- Basic stack shuffling, subroutine calls, branching, with most primitives being compiled as calls into C code
- Intrinsics can be selectively defined to replace calls to primitives with open-coded assembly making use of register allocation and minimizing stack shuffling
- C library interface and callback support
The last one is not really optional since key components of Factor (non-blocking I/O, transcendental math functions, etc) depend on the C library interface. However, traditionally I have done that part last when porting Factor to a new architecture, since it usually requires the most fiddling and is easier to test if everything else works. Open-coding certain primitives such as
slot
, fixnum+
can bring huge performance improvements because it eliminates branching and memory transfers from inner loops, but this is optional.Today I only got as far as the first level of support in the ARM backend. Basically, one has to implement various words which are called by the compiler to generate branches, generate calls, load stack values to registers, write registers to the stack, and so on. There is only a small number of such words. Also, one must describe the register file of the architecture for the register allocator. While the register allocator is not used much without intrinsics, it still plays a role in the compilation of stack shuffles (which never result in calls into C, they're always open-coded). So I worked on this one file for the most part:
Despite claiming to be a RISC architecture, ARM feels more like CISC, with the multiple load/store instructions (which I haven't used yet) and complex operand and addressing modes, including automatic pre- and post- increment on memory loads and stores. This makes ARM code a pleasure to write compared to say, PowerPC. I also find it nicer than x86 because it doesn't have odd limitations and bizarre legacy cruft.

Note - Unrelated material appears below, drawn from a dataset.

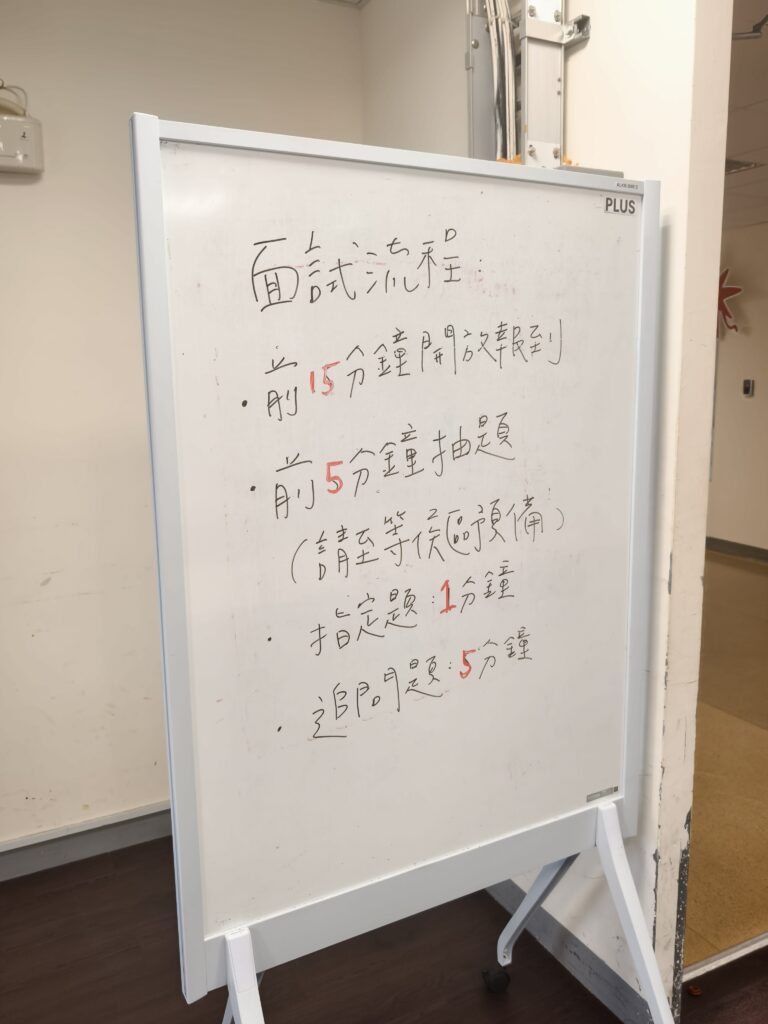 在傳完書審檔案後,如果書審通過會收到兩種信,一種是直接錄取的信,另一種是要面試的,而我本人是後者。 面試的問題主要聚焦在「團隊經驗」和「專案經驗」上。分兩間教室面試,也就是這兩個主題,照下面這個流程來問。

Getting relocation right was the hardest part, really. When the Factor compiler builds up a compiled code block corresponding to a word, it does not know the final address the code will be stored at; and indeed, even if it did, saving the image and restarting Factor may very well load the image at a different base address. So the compiler has to retain as much information as is needed for the VM to be able to "fix up" compiled code when the image is loaded. Relocation information is recorded in a table along with every compiled code block, and essentially consists of a list of instructions; "store the address of this word at this offset", "fix up this absolute address for the current code heap base", and so on. Since ARM instruction encoding is different from x86 and PowerPC, I had to add some new relocation instructions for updating offsets in packed ARM instruction fields.
The annoying part came when I was coding support for compiling references to literals. On x86, an immediate operand can be 32 bits; on PowerPC, only 16 bits, so a load of a 32 bit value is synthesized as a pair of instructions, a load followed by a shift-load. On ARM, only 8 bit immediates with a 4 bit rotation are supported. Constructing larger integers and addresses from 8 bit chunks is retarded; thankfully, ARM does support PC-relative addressing, so what compilers tend to do is deposit the large integers close to the compiled code (close enough for a 12 bit displacement on a load instruction), and load it via PC-relative addressing.

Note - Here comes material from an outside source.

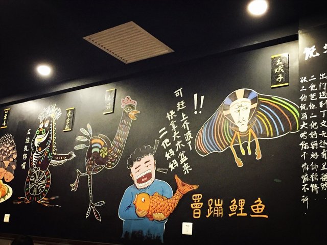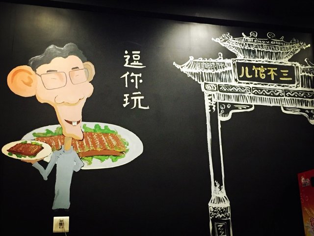 店内装修比较简洁,津味菜肴为主打,四大神兽的墙画还挺有意思的,估计外地人来了都难以参透。自带饮料,要了两个杯子,消毒柜里拿出来的,还是温热的,看着很透亮。

A similar situation occurs when one wishes to call the C VM. Calls between compiled words are not a problem, because a PC-relative branch can have up to 26 bits displacement, which is enough for a pretty large code heap. However, there is no guarantee that the Linux kernel will map the C VM text segment close enough to the mmapped code heap for a 26 bit branch to be sufficient. Again, on PowerPC, we use a pair of instructions to synthesize a 32 bit address, then jump there. On ARM, I decided to go with a simpler approach which doesn't require relocation at all; I just put the list of primitives in a global register variable, R8. Then a call to a primitive call be done by a displaced load from R8 with the constant displacement being a primitive number.

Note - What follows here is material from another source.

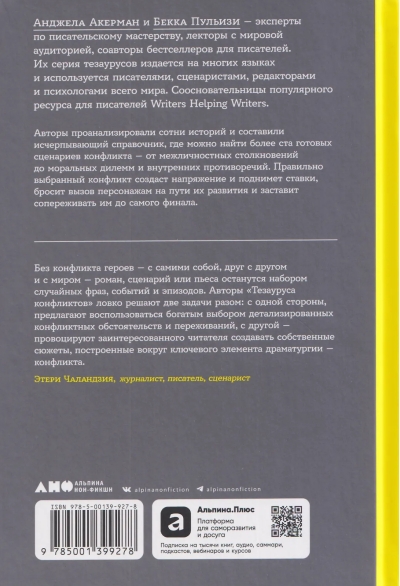 Конфликт — двигатель любой истории. Но как придумать оригинальное и захватывающее противостояние, которое раскроет характер героя и будет держать читателя и зрителя в напряжении до последней страницы? «Тезаурус конфликтов» — уникальное руководство для писателей и сценаристов, которое поможет создавать по-настоящему глубокие и многогранные сюжеты. Эксперты по писательскому мастерству Анджела Акерман и Бекка Пульизи проанализировали сотни историй и составили исчерпывающий справочник, в котором можно найти более ста готовых сценариев конфликта — от межличностных столкновений до моральных дилемм и внутренних противоречий. Правильно выбранный конфликт создаст напряжение и поднимет ставки, бросит вызов персонажам на пути их развития и заставит сопереживать им до самого финала.

I also found a bug in the ARM assembler, added a unit test, and fixed it. I like being able to unit test assembly code, I only wish that I had the foresight to implement the post-0.85 assembler design from the very start, so that the x86 and PowerPC assemblers could be unit tested when I was working on them. Nowadays they are relative stable and rarely change, but at one point I might write unit tests for them anyway.
So after 3 days work, what I have is essentially a subroutine threaded compiler for ARM with minor optimizations. This is a rather trivial accomplishment in itself; however, tomorrow I will start writing intrinsics for the most critical primitives, and this will result in a noticeable performance boost, with the full force of the register allocator and dataflow optimizer coming into play.